You might want to look at the component models under development like RCC, XBL and dSVG. Mozilla is a large application built in large part in JavaScript: using XBL. But again, you will usually leave most of your business logic on the server side.
I'm holding out hope that the SVG community will slow down on the feature creep and architecture bloat and focus on developing applications with the currect standard.
That's a classic complaint. Features I don't use are bloat. We need more features that I will use.
Only by stepping back and trying to use the current system will the architects of SVG know what's missing and what needs improvement.

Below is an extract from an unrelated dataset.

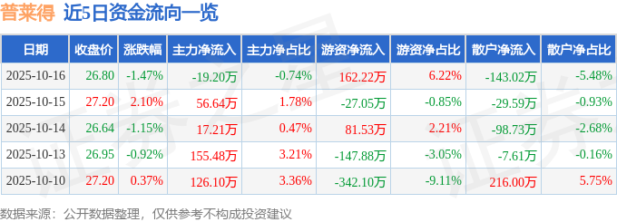 10月16日的资金流向数据方面,主力资金净流出19.2万元,占总成交额0.74%,游资资金净流入162.22万元,占总成交额6.22%,散户资金净流出143.02万元,占总成交额5.48%。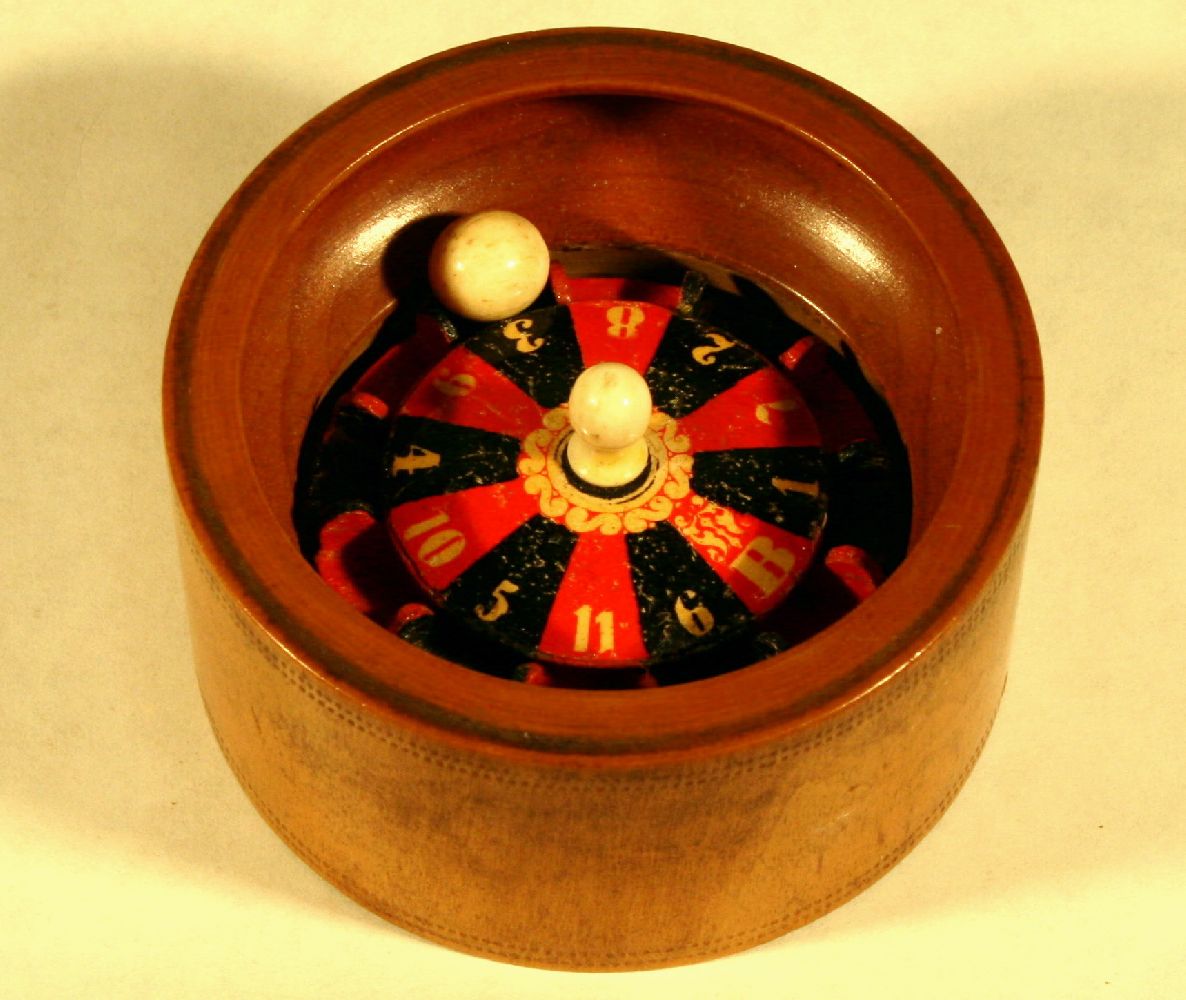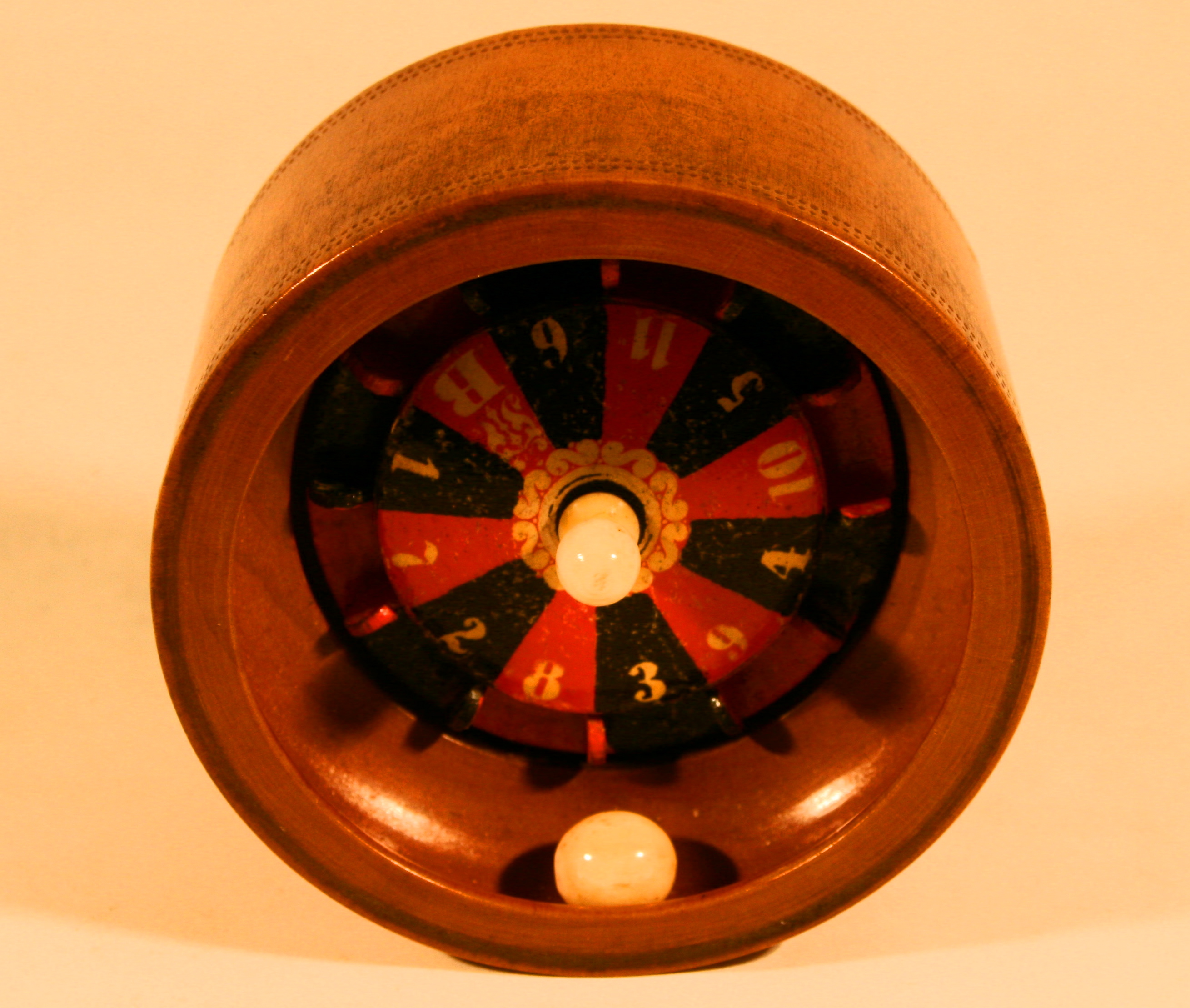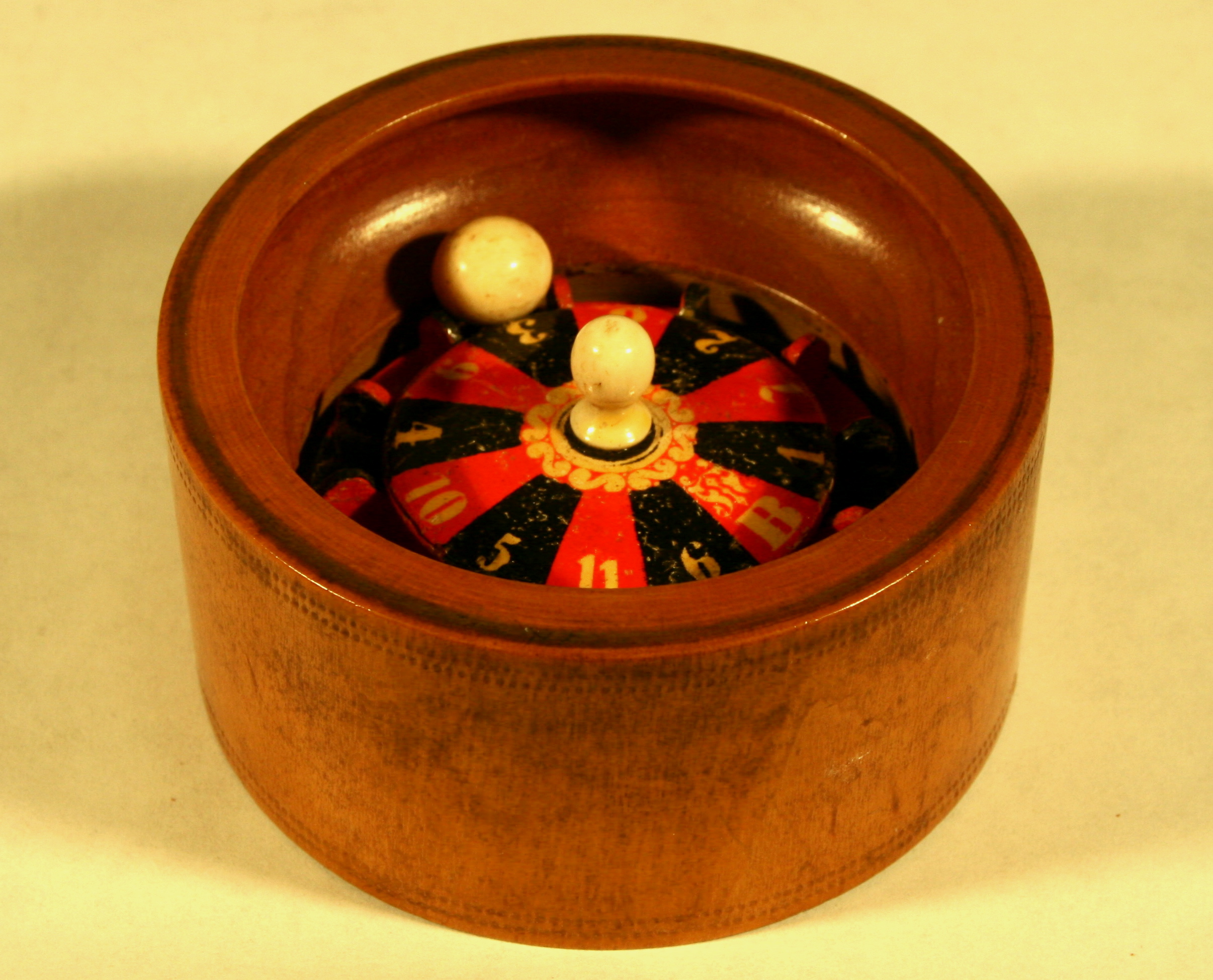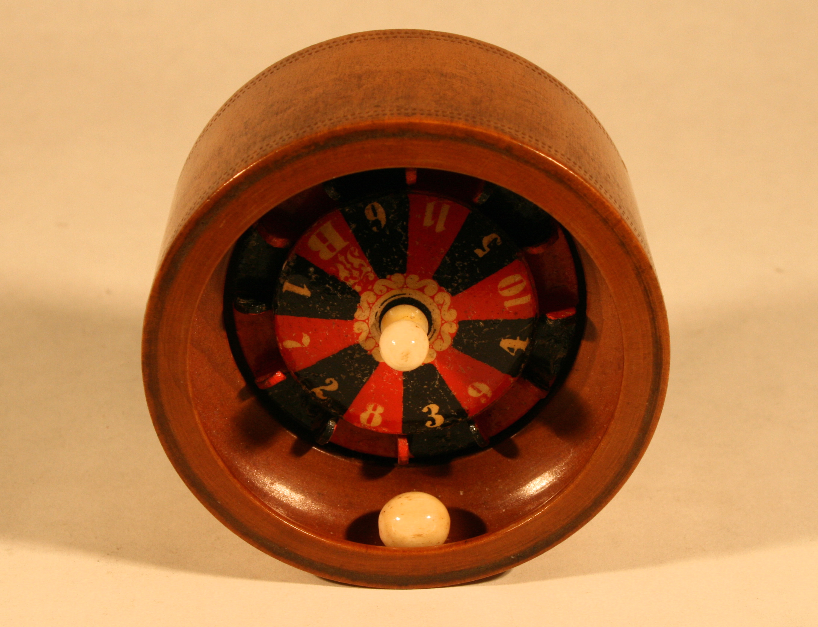 Vintage Wood, Metal and Ivory Roulette Wheel Condition is very good GAMBLING GAME SPINNER, 2 SIDES, 3 LONG. INTERESTING 19TH CENTURY GAME, ORIGINAL CONDITION. Roulette is a casino and gambling game named after the French word meaning "small wheel". In the game a croupier spins a wheel in one direction, then spins a ball in the opposite direction around a tilted circular surface running around the circumference of the wheel. The ball eventually falls on to the wheel and into one of 37 (in European roulette) or 38 (in American roulette) colored and numbered pockets on the wheel.

SVGOpen just featured four tracks for a week of people using SVG. Many of them were using it for data visualization. In particular, that's the focus of Corel's new product. Perhaps you mean something else by data visualization...
Sorrowly, this has already happened; Adobe hasn't updated their plugin since 2001 and is lacking support for everything newer than the 1.0 standard.
This is not true. Adobe has an alpha with support for SVG 1.2.
This means that PDF is usable even without a plugin (by using an external application -- in this case, Acrobat Reader).
The Acrobat Reader is basically the same as the Acrobat plugin. You have to download it and install it. You do the same thing with a plugin. Yes, a standalone viewer is different technically than a plugin but how does this affect the marketability of the underlying standards.Ok SVG is trying to be like Flash in scope, but i don't see anything besides animation. I see nothing about syncing with audio or adding interactive elements.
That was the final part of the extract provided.